REQUIREMENT: Please restate, exactly as they appear, only the lines from the one that contains "男生用煤气点炭准备烧烤,喷火枪与软管接口处突然起火" to the final line of the entries, with no pictures.

BEGIN

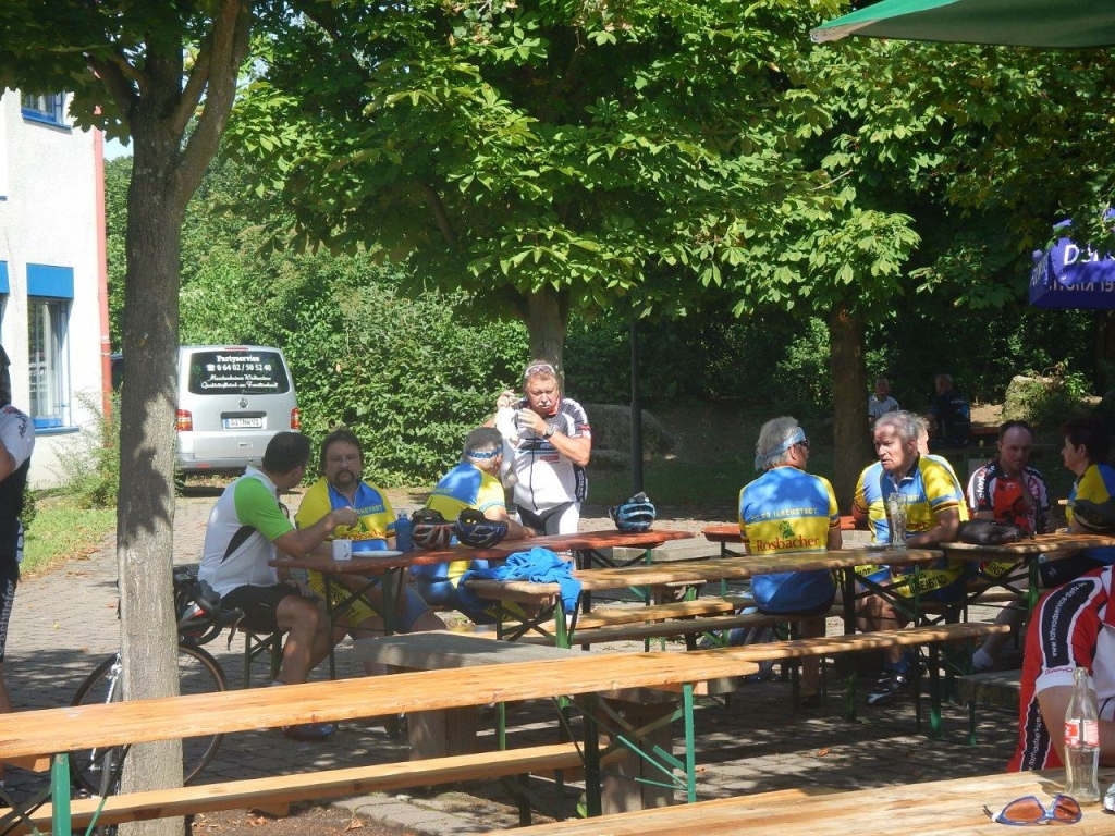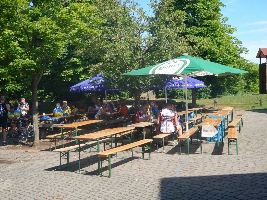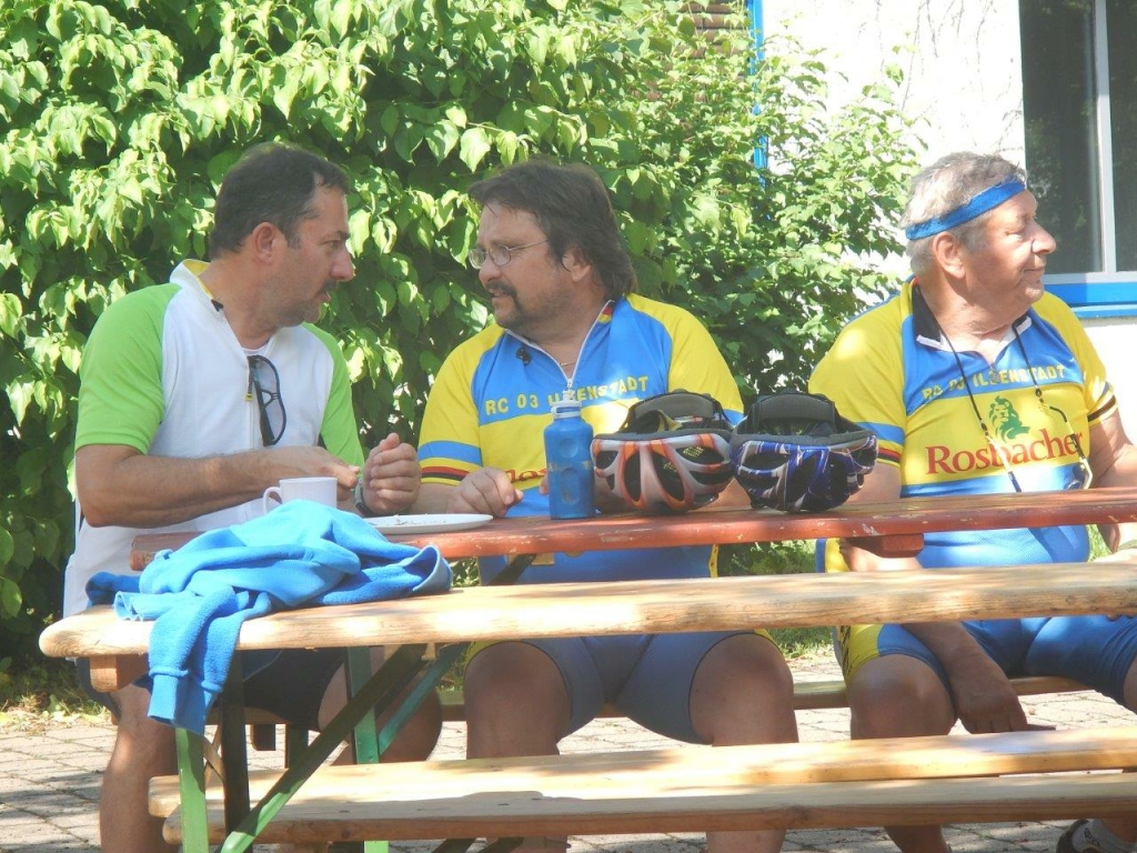 Am Start und Ziel war kein großer Betrieb. Jeder strebte schnell nach Hause, um der Hitze zu entrinnen oder aber auch, um das Formel I-Spektakel am Bildschirm zu verfolgen. Mann verbrachte aus diesen Gründen an diesem Sonntag nur eine relativ kurze Zeitspanne in geselliger Runde. Die schon erwähnten drei Regentropfen in der Mittagszeit lösten dann auch noch eine schnelle Flucht aus. Bei der sich anschließenden Siegerehrung haben nur noch wenige Unentwegte der Ehrung beigewohnt. Im Wettbewerb der BDR-Vereine hatte der RSC Grünberg mit 27 Starterinnen und Startern die Nase vorn, gefolgt vom RV „Wanderlust“ Gambach mit 22 Startern und dem RV Gießen-Klein Linden. Wir belegten mit dem RC 03 Ilbenstadt den vierten Platz mit 16 Starterinnen und Startern.
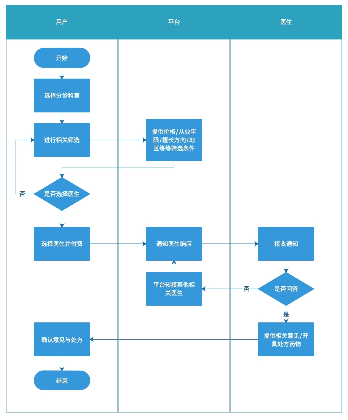 最开始的流程设想肯定是不够全面,但对比用户传统的流程,我们可以发现初步的流程设想已经可以解决用户的部分痛点,如线下转线上,减少部分不必要的时间成本。之后我们再依据相关的功能范围,来完善我们的产品预期,比如是否需要提供用户更多筛选选择?是否考虑医生的在线时间?医生是否可以/愿意回答?线上是否可以直接指导开具处方药物?
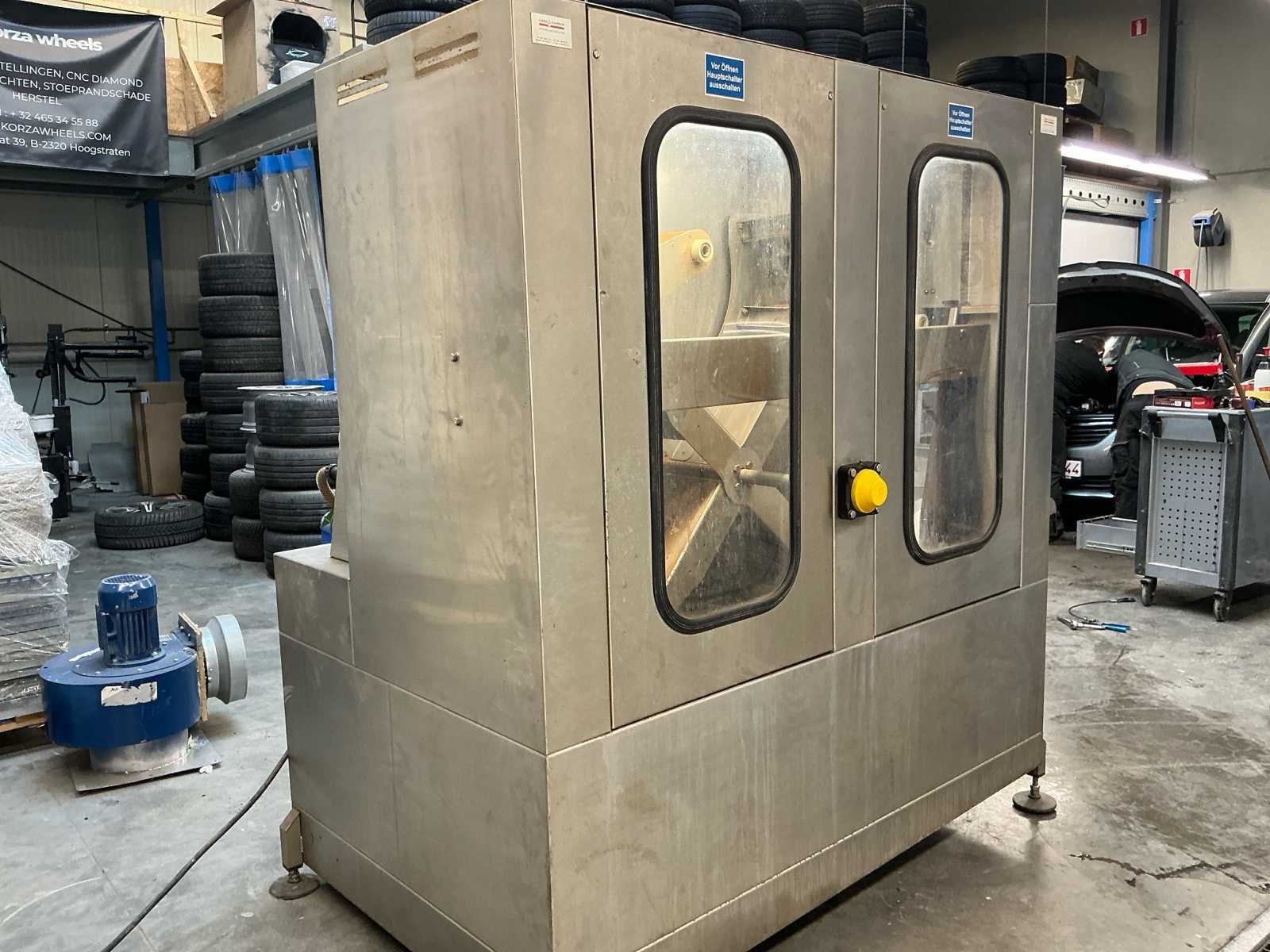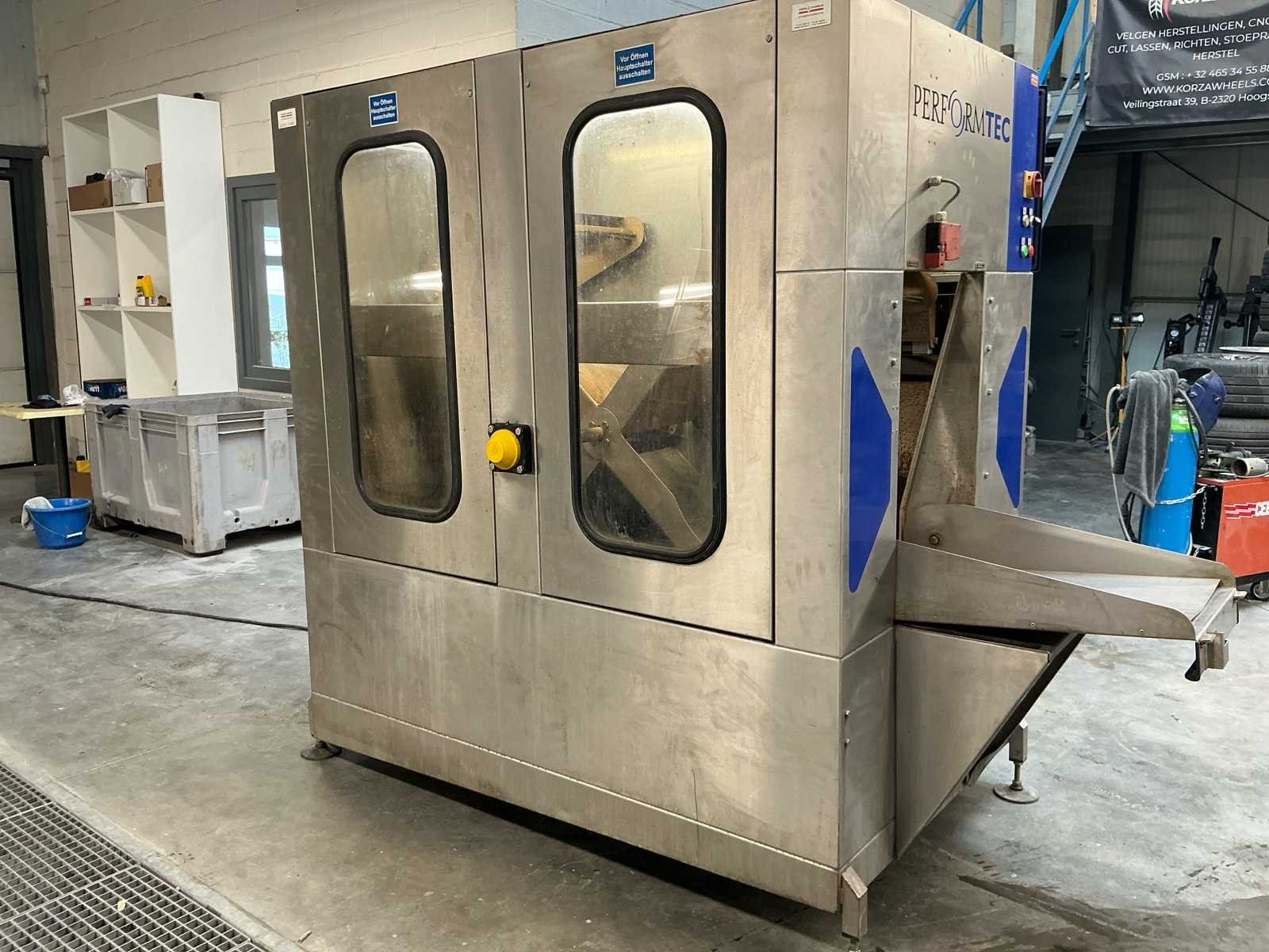 PerformTec 4velgenwasser Max wheel diameter : 690mm Max weight per wheel : 25kg Feed watter temp: 60graden Heftruck aanwezig No Merk: PerformTec Lengte: 157cm Type: 4-velgenwasser Serienummer: 105217 Bouwjaar: 2007 Roll-over type: true Aansluiting: 380V Eigen gewicht: 670kg Totale afmeting L: 1700mm Totale afmeting Breedte: 1100mm Totale afmeting Hoogte: 2000mm
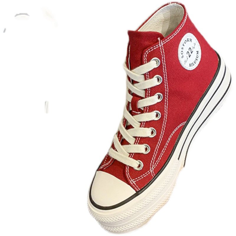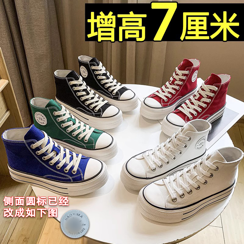 帆布鞋女红色休闲厚底2025秋季百搭高帮小个子内增高小白鞋潮板鞋
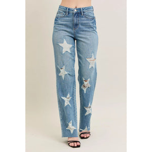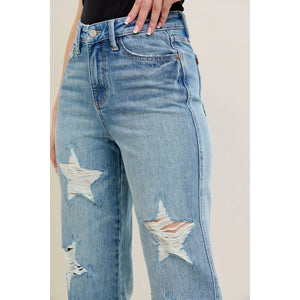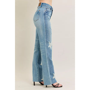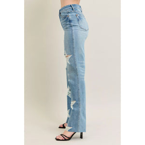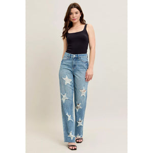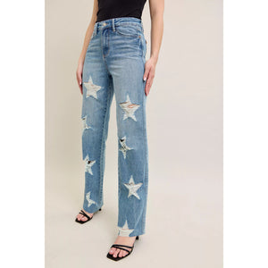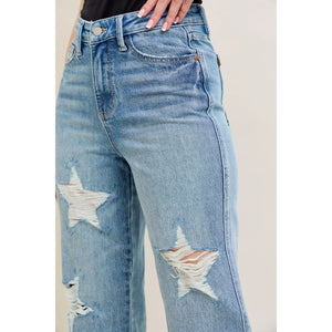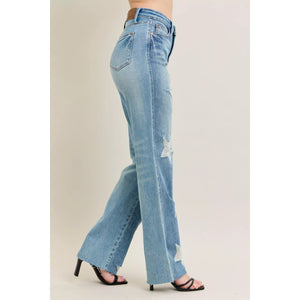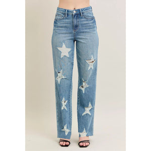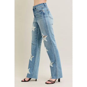 Judy Blue Full Size High Waist Rigid Magic Star Shaped Destroy 90's Straight Jeans Plus Size
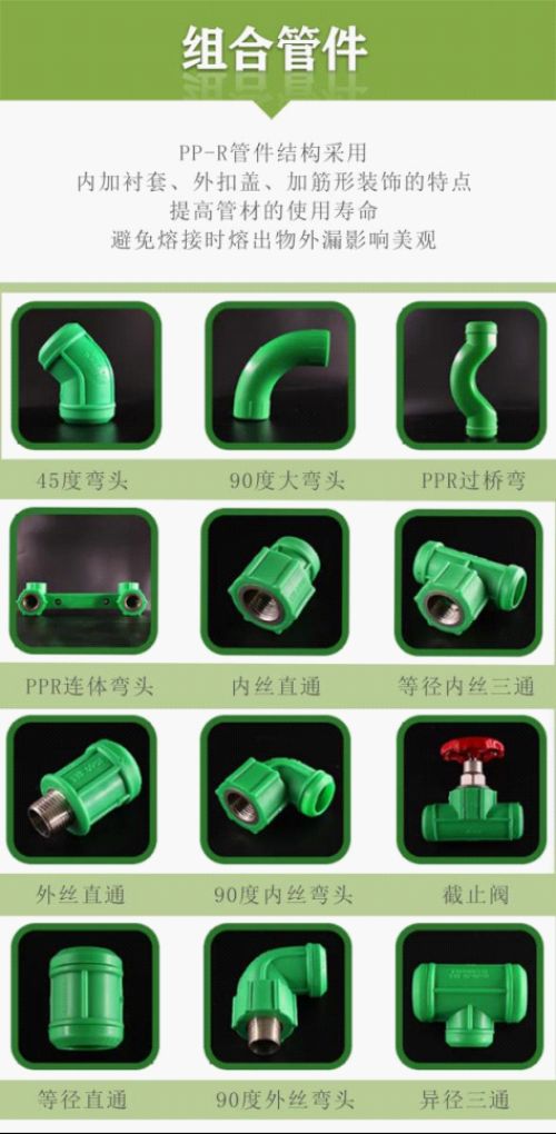 PP-R管件结构采用内加衬套、外扣盖、加强筋形装饰的特点,提高管材的使用寿命,避免熔接时熔出物外漏影响美观。
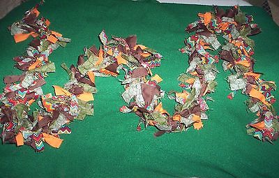 PRIMITIVE COUNTRY HARVEST AUTUMN FALL HAND TIED RAG GARLAND 5 FEET LONG
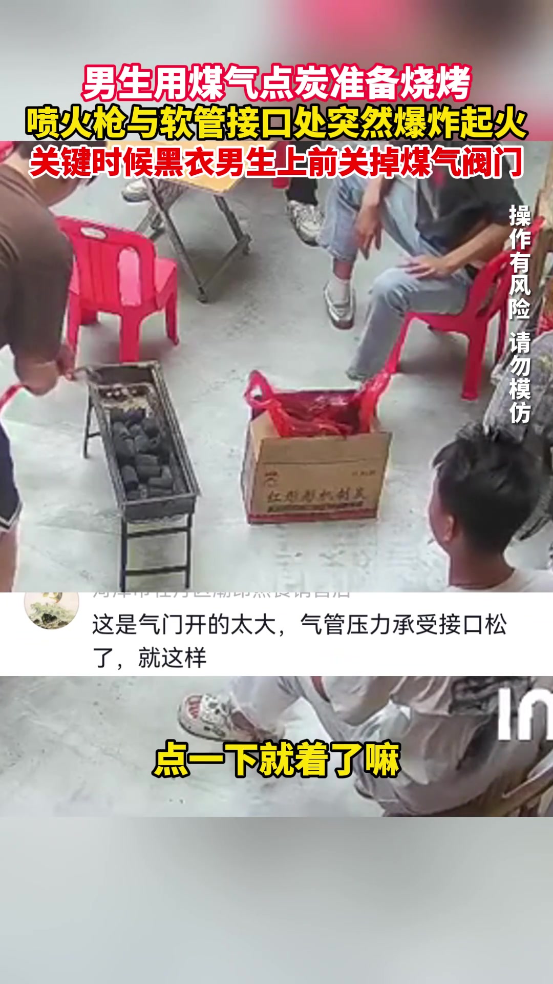 男生用煤气点炭准备烧烤,喷火枪与软管接口处突然起火
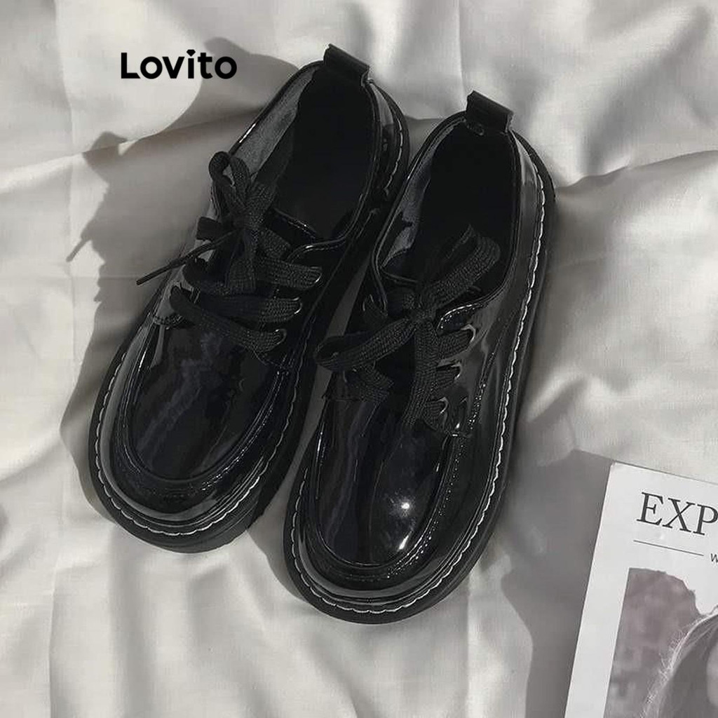 Lovito Preppy Plain Estilo Britânico Retro Japonês Jk Lace Up Loafers Daily Wear Mary Jane para Mulheres LFA58335

END

RESPONSE:
 男生用煤气点炭准备烧烤,喷火枪与软管接口处突然起火
 Lovito Preppy Plain Estilo Britânico Retro Japonês Jk Lace Up Loafers Daily Wear Mary Jane para Mulheres LFA58335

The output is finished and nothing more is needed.